Total RNA for real‐time PCR analysis was extracted from tea leaf that was the same stage for RNA‐seq following the cetyltrimethylammonium bromide (CTAB) protocol. RNA quality and quantity were each assessed, respectively, by Agilent 2100 BioAnalyzer (Agilent Technologies, Santa Clara, CA) and NanoDrop 2000 (Thermo Scientific, Waltham, MA). cDNA was synthesized from the total RNA using SuperScript II Reverse Transcriptase system (Invitrogen, Carlsbad, CA) with oligo(dT) following the manufacturer's instructions. The primers (Table 1) for real‐time PCR were designed using NCBI Primer‐BLAST tools according to cDNA sequences. Reactions were carried out on StepOnePlus Real‐Time PCR System (Applied Biosystems, Foster City, CA) using three‐step cycling conditions of 95 °C for 1 min, followed by 40 cycles of 95 °C for 15 s, 60 °C for 30 s and 72 °C for 30 s. After the amplification steps, the melting curve was determined for each primer pair at a final stage of 15 s at 95 °C, 15 s at 60 °C and 15 s at 95 °C to verify the presence of only one specific product. Relative quantification was performed with the 2‐ΔΔCT method. Teaβ‐actin gene (Forward primer: 5′‐GCCATCTTTGATTGGAATGG‐3′, Rverse primer: 5′‐GGTGCCACAACCTTGATCTT‐3′) was used as reference for messenger RNA (mRNA) expression. The Pearson correlation analysis of RNA‐seq and qRT‐PCR was performed by R software (www.r-project.org).

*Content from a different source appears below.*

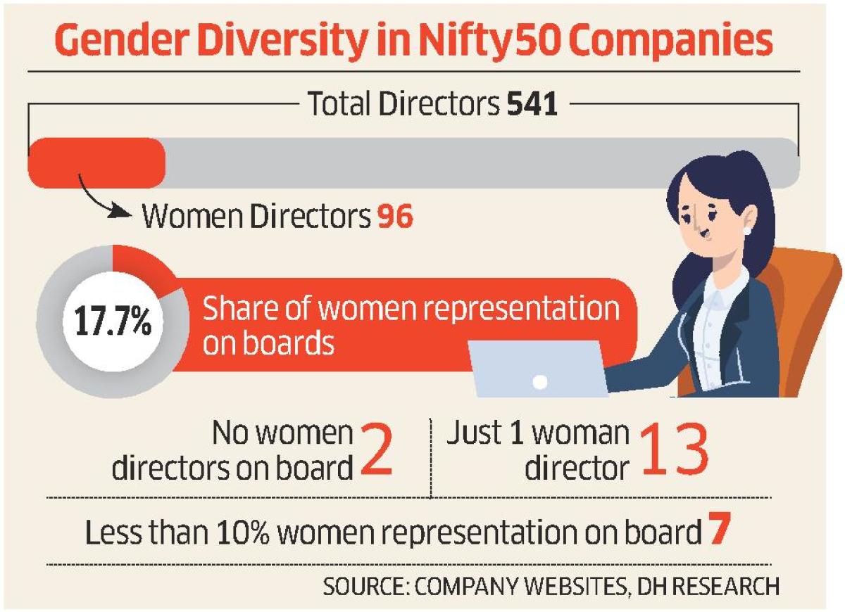 <p>Representation of women on company boards has been abysmally low, with some companies even flouting the SEBI regulations.</p>.<p>A <em><span class="italic">DH</span></em> research showed that out of 541 directors on the boards of India’s top 50 companies, that make up Nifty50, just 96 (17.7%) are women.</p>.<p>Of these 50 companies, two public sector undertakings (PSUs) — NTPC and BPCL — don’t have a woman director on their board, a violation of SEBI regulations. Private sector companies on Nifty50 have appointed at least one woman director on their boards.</p>.<p>Also, under Section 17 of the Securities and Exchange Board of India (Listing Obligations and Disclosure Requirements) Regulations, 2015, it is mandatory for listed companies to have at least one woman director on their boards.</p>.<p>“The composition of board of directors of the listed entity shall be as follows... board of directors shall have an optimum combination of executive and non-executive directors with at least one woman director and not less than 50% of the board of directors shall comprise non-executive directors,” Section 17(1)(A) of SEBI (LODR) Regulation says.</p>.<p>While BPCL didn’t comment despite repeated attempts to reach out to them, NTPC put the onus of appointing women directors on the government.</p>.<p>“The power to appoint or remove the directors vests with the President of India,” NTPC said in an e-mail response to <em><span class="italic">DH</span>.</em></p>.<p>“Hence, the Administrative Ministry of NTPC i.e. Ministry of Power, has already been requested to appoint a woman independent director on the Board of NTPC so as to comply with SEBI regulations,” it added.</p>.<p>Experts point to a general trend of fewer women at the top of PSUs as well, and numbers prove that: of the 50 companies on Nifty, nine are PSUs. These nine companies have just 13.9% women on the boards, compared with 18.4% in 41 private companies on Nifty.</p>.<p>“For many years now, some PSUs have been non-compliant with SEBI LODR regulations. They need to be proactive in inducting women directors and show the way for private sector boards,” said Shriram Subramanian, managing director, InGovern — a proxy advisory firm.</p>.<p>Of the 50 companies on Nifty, while two have no women representatives on the board, 13 have a bare minimum of one director — just to comply with SEBI regulations.</p>.<p>Unlike in India, the laws in most European countries make it a must for companies to have at least 30% women directors on the board.</p>

Homologous gene and collinear regions identification

Homologous genes of tea tree genome were identified by MCScanX (Wang et al., 2012), which is an algorithm that can simultaneously scan multiple genomes to identify homologous chromosomal regions and subsequently align these regions by using genes. Collinear regions among tea, potato and tomato were also identified by MCScanX with default parameters, and orthologous genes pairs were extracted from collinear regions.

Correlation analysis of methylation data

Correlation between biological replicates of BS‐seq was calculated as methylation levels of total Cs in 2000 bp regions. First, tea tree genome was splited into 2000 bin bins, and methylation levels were calculated as the average #C/(#C+#T) for all cytosines in each bin, #C is the number of C reads and #T is the number of T reads. Then, Pearson correlation coefficients were calculated between the two biological replicates.

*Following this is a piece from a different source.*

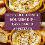 Hot Honey Boursin Dip is a creamy, spicy appetizer that perfectly balances sweet heat with rich, cheesy flavor. It’s easy to prepare and ideal for sharing at gatherings or enjoying as a cozy snack. This dip pairs wonderfully with toasted bread, crackers, or fresh veggies.

Correlation analysis between orthologous gene pairs of tea and tomato/potato was performed by corr.test() of R project. DNA methylation level was first calculated of each gene in tea, tomato, and tomato of CG, CHG and CHH sequence contexts. Then, smooth scatter plots were conducted by smoothScatter() of R project (www.r-project.org).

For correlation between DNA methylation and kimura distance, the DNA methylation level of each TE was calculated by custom Perl script, and kimura distance were extracted from RepeatMasker pipeline.

Metaplot analysis

For metaplot analysis, each gene body region was proportionally divided into 20 bins. Both upstream and downstream 2000 bp regions were also divided into 20 bins (i.e. the length of each bin is 100 bp), separately. Then, the average level of DNA methylation of each bin was calculated for all genes and plotted by R script.

Accession numbers

The data reported in this paper were deposited in the Gene Expression Omnibus (GEO) database (accession number GSE119992).

Author contributions

H.W. and H.Y. designed the research; H.W., L.W., Y.S. and X.C. performed the research and analysed the data; S.J. and X.C. collected the data; Q.Z. and C.Y. provided the tools; H.W. wrote the paper.

Conflicts of interest

The authors declare that they have no conflicts of interest.

Supporting information

Figure S1 BS‐seq coverage shown as the proportion of cytosines that were covered by at least ‘X’ reads.

Figure S2 Correlation analysis between replicates in the CG, CHG and CHH sequence contexts.

Figure S3 DNA methylation pattern comparison between tea and other plants.

Figure S4 DNA methylation correlations between Watson and Crick strand in CG and CHG symmetrical sequence contexts in the tea, potato and tomato genomes.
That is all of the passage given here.